Friday, April 27, 2012

Things to mind in a clustered SOA Suite 11g environment


Introduction

When working in a clustered environment, there are several challenges which need to be taken into account. I've encountered and documented several of them in this post.

It is always wise to use the latest version of the software and keep your version up to date with regular patches. Oracle SOA Suite 11g is the first SOA Suite on Weblogic server and Oracle has done a great job on migrating several engines from OC4J to Weblogic. Also they have provided many new and useful features such as the EDN and the MDS. There is still some work to be done though but it will only get better!

Issues

Callbacks do not arrive

When working with SOA Suite 11.1.1.4 in a clustered environment, it is possible asynchronous callbacks do not arrive. The parent process is waiting for a callback, however the child has already send the callback.

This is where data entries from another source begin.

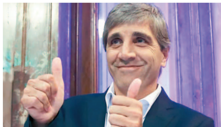
El ministro de Economía en busca de inversiones con el RIGI.

Este grupo ve en la Argentina una oportunidad para diversificar sus inversiones, tradicionalmente concentradas en hidrocarburos. No obstante, la misión en Riad (capital del país) no incluirá la negociación de un paquete de financiamiento directo bilateral, sino que se centrará en presentar el nuevo régimen inversor y explorar oportunidades para proyectos conjuntos.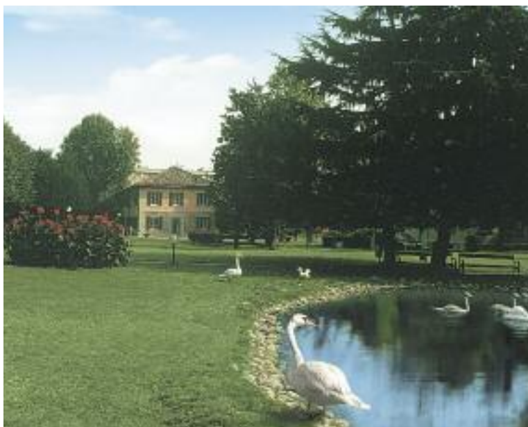
Policlinico di Monza, via Amati 111 – Monza

Da qui l'idea su cui si fonda l'Ambulatorio di educazione del paziente diabetico ovvero quella di far sì che la persona affetta dalla patologia non si senta mai sola, ma trovi nel personale medico, e soprattutto in quello infermieristico, un interlocutore che possa essergli d'aiuto a superare le perplessità e i dubbi sulla modalità di assunzione della terapia e su tutti gli altri aspetti della malattia.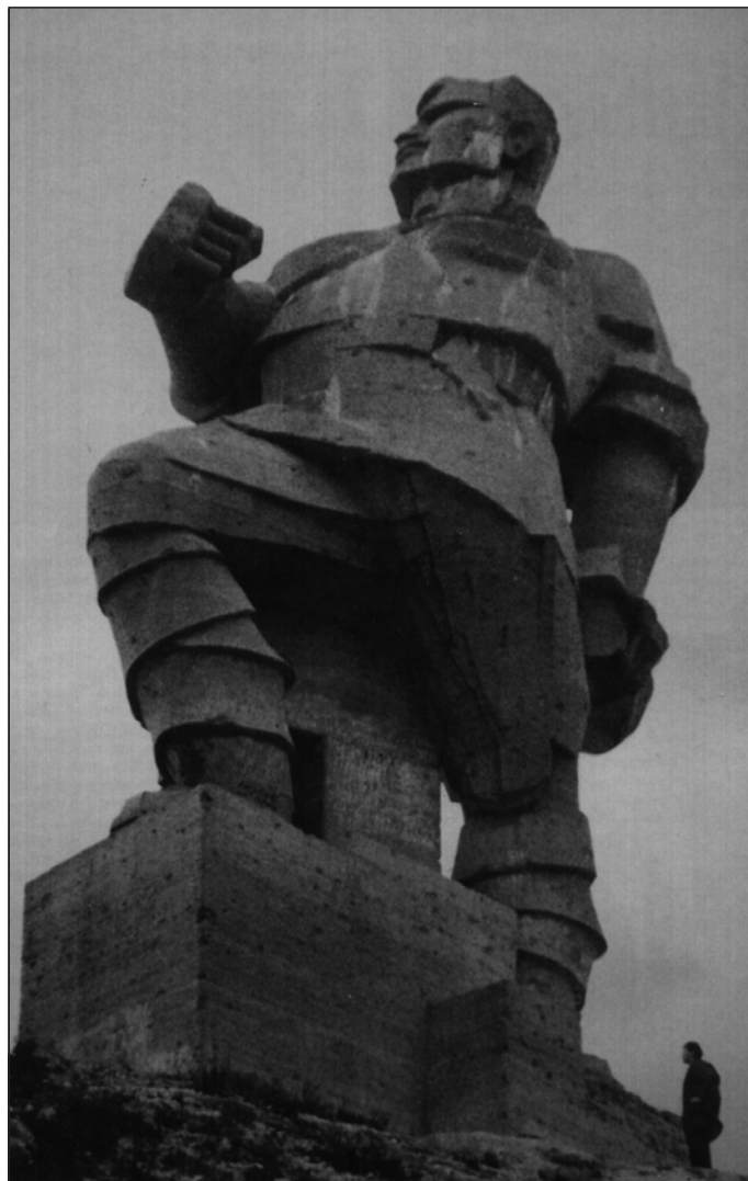
Пам'ятник Артему у Слов'яногорську

Петро, хоча й був міцного здоров'я, захворів на сухоти і 1905 року помер... А коли в 1918 році більшовики склали список революціонерів, яким треба встановити пам'ятники, Ленін викреслив ім'я Запорожця з цього списку... Ось чому пам'ятник Петру Запорожцю в Білій Церкві роботи Кавалерідзе, який готували до 100-ї річниці з дня народження Петра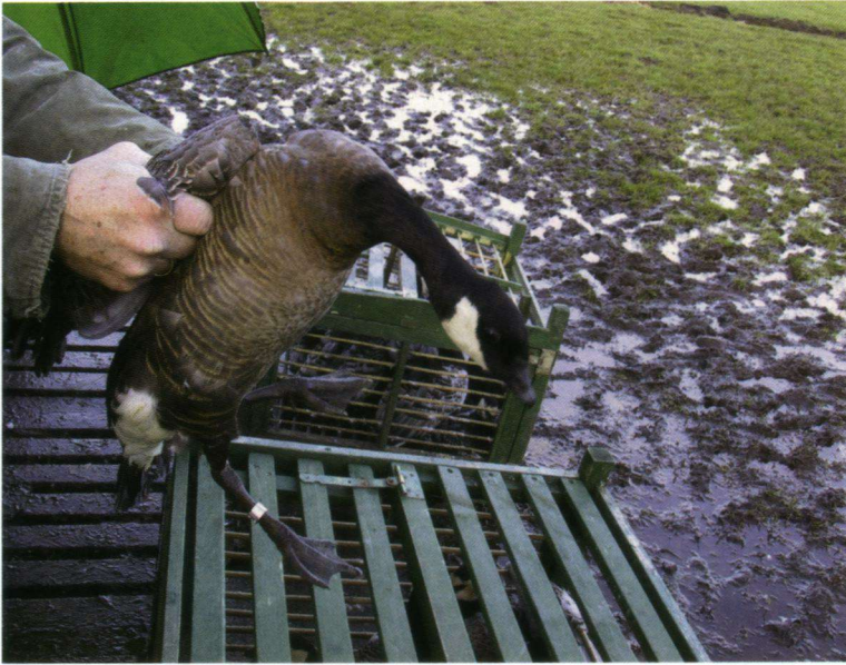
Een zojuist gevingde Canadese Gans krijgt zijn vrijheid weer terug. Het vangen van wilde ganzen is tegenwoordig alleen nog maar toegestaan ten behoeve van wetenschappelijk onderzoek. Voor het vangen wordt gebruikgemaakt van slagnetten. De methode vraagt veel specialistische kennis die men alleen in de praktijk op kan doen.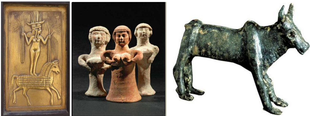
Abb. 1-3: Astarte, Goldplatte aus Lachisch 13. Jh., Israel Museum, Kanaanäische Aschera-Tonfigurinen, 8.-6. Jh.v.d.Z.; Bronze, Wettergott Ba'al (?) Region Sichem, entspricht den Goldenen Kalb der Bibel Ex 32

Der entscheidende Satzteil steht am Ende. Das Bilderverbot bezieht sich auf Götterbilder, wie sie im Kanaan biblischer Zeit sehr verbreitet waren. Etwa Bilder und die zahlreichen Ton-Figurinen der Göttin Aschera/Astarte, oder das Bildnis eines Stiers, entsprechend dem goldenen Kalb am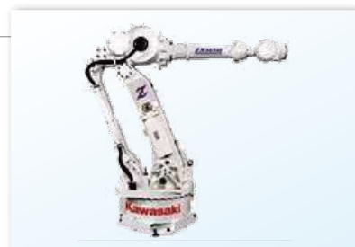
川崎重工業(株) 溶接ロボット

当社は双日マシナリー（株）と共に、トヨタ自動車九州（株）向け溶接/塗装ロボット（メーカー：川崎重工業（株））、ダイカストマシン（メーカー：宇部興産機械（株））の販売代理店を務めています。宮田工場・苅田工場・小倉工場での自動車生産の一翼を担っています。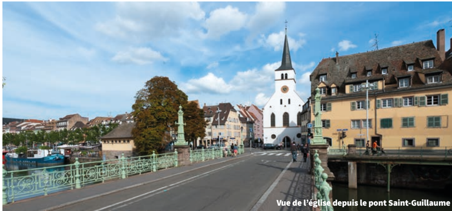
Vue de l'église depuis le pont Saint-Guillaume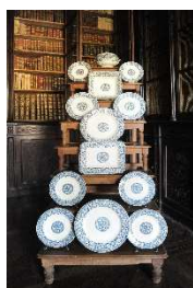
13 – Servizio di Gien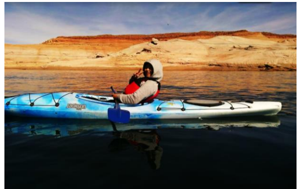
圖八：在 Lake Powell 划獨木舟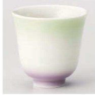
ア359-169 カラーグラデーションパープル湯呑 φ8×8cm (180cc) (磁) JPN 2,000円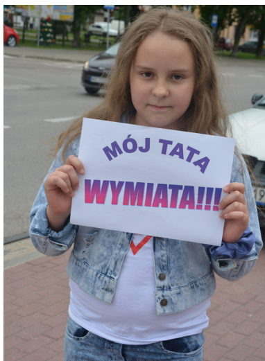
Pomysł na pozdrowienia z okazji Dnia Ojca było całe mnóstwo.

Po dużym sukcesie obchodów na świecie Dnia Matki, pojawił się pomysł, aby równie ważne święto miał tata. Dzień 23 czerwca został ogłoszony Dniem Ojca. Można świętować go w dowolny sposób. Czasami wystarczy wierszyk i laurka, by pokazać, że pamięta się o bliskiej osobie.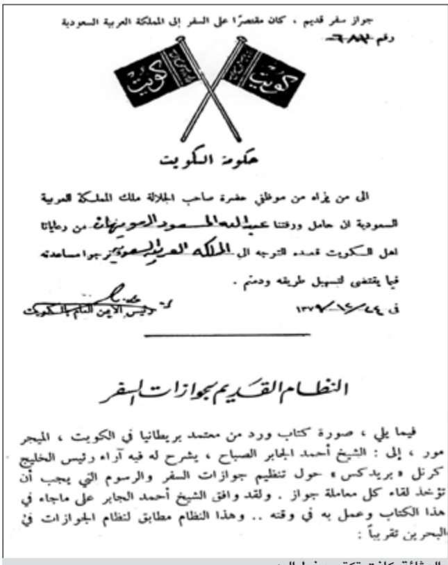
جواز سفر قديم - كان مقصراً على السفر إلى المملكة العربية السعودية

When looking at the diagnostics log, the following error is shown;

an unhandled exception has been thrown in the Collaxa Cube systemr; exception reported is: "javax.persistence.PersistenceException: Exception [EclipseLink-4002] (Eclipse Persistence Services - 2.1.3.v20110304-r9073): org.eclipse.persistence.exceptions.DatabaseException
Internal Exception: java.sql.SQLIntegrityConstraintViolationException: ORA-00001: unique constraint (SOA_SOAINFRA.AT_PK) violated

Error Code: 1
Call: INSERT INTO AUDIT_TRAIL (CIKEY, COUNT_ID, NUM_OF_EVENTS, BLOCK_USIZE, CI_PARTITION_DATE, BLOCK_CSIZE, BLOCK, LOG) VALUES (?, ?, ?, ?, ?, ?, ?, ?)
bind => [851450, 5, 0, 118110, 2012-01-12 16:08:04.063, 5048, 3, [B@69157b01]
Query: InsertObjectQuery(com.collaxa.cube.persistence.dto.AuditTrail@494ca627)
at org.eclipse.persistence.internal.jpa.EntityManagerImpl.flush(EntityManagerImpl.java:744)

The solution to this problem is described on;

There are 3 known workarounds;
- shutting down one managed server in the cluster
- disable audit trail logging for processes using asynchronous callbacks (http://albinoraclesoa.blogspot.com/2012/02/oracle-soa-11g-callback-not-reaching.html)
- set the AuditStorePolicy to "async". Howto: SOA Administration -> BPEL Properties -> More BPEL Configuration Properties. https://support.oracle.com/CSP/main/article?cmd=show&type=BUG&id=9964636

There is one fix;
- install patch; https://support.oracle.com/CSP/main/article?cmd=show&type=NOT&doctype=PROBLEM&id=1338478.1


Depending on the specific situation at a customer such as
- development process
- application server maintenance process
- time available
- local legislation

The best option for a specific customer can differ.

Database adapter

For polling issues see: http://javaoraclesoa.blogspot.com/2012/04/polling-with-dbadapter-in-clustered.html

Oracle recommends putting the configuration plan for the JCA adapters (such as the DbAdapter) on a shared storage. If a customer has not done this, the Plan.xml needs to be copied manually to other managed servers in a cluster after every change. If this is not done, the managed servers can have different (mismatched) configurations on the managed servers which can cause unexpected results.

Scheduling using Quartz

Scheduling using a servlet is described in; http://www.oracle.com/technetwork/middleware/soasuite/learnmore/soascheduler-186798.pdf
This can cause issues in a clustered environment depending on the specific implementation

In a clustered environment it is better to use EDN business events and DBMS_SCHEDULER;
See: http://javaoraclesoa.blogspot.com/2012/04/scheduling-edn-business-events-using.html

Test console does not function in Enterprise Manager

In a clustered environment which is installed using Oracle's Enterprise Deployment Guide, when using the Enterprise Manager, the WSDL URL of the test console (available to test a webservice) which is generated can be a managed server specific URL. This URL is in certain setups not directly available. This can be fixed by manually replacing the URL of the managed server with the URL of the loadbalancer and then click the Parse button.

Environment specific issues

It is not known if the below issues are bugs or caused by misconfiguration of the server. They have been observed on one installation at a specific customer (11.1.1.4).

Deployment issues

Deployment (using Ant scripts) does not always (it works most of the time...) roll out a process to both managed servers in a cluster. I have not found the cause of this issue and I'm not sure if this is a known bug. It is however wise to check that a process is deployed to all managed servers in a cluster and if one branch does not contain the process, repeat the deployment till it does.

Partition creation

After creation of a partition, it was only present on one managed server in the cluster. Removing the partition and recreating it solved this issue.

Conclusion

There are some challenges when working on a clustered environment. I will expand this post when I find more issues or things to mind. For a predictable development process it is wise to use a clustered development environment when production is also clustered so these issues can be solved in development and not first encountered on production.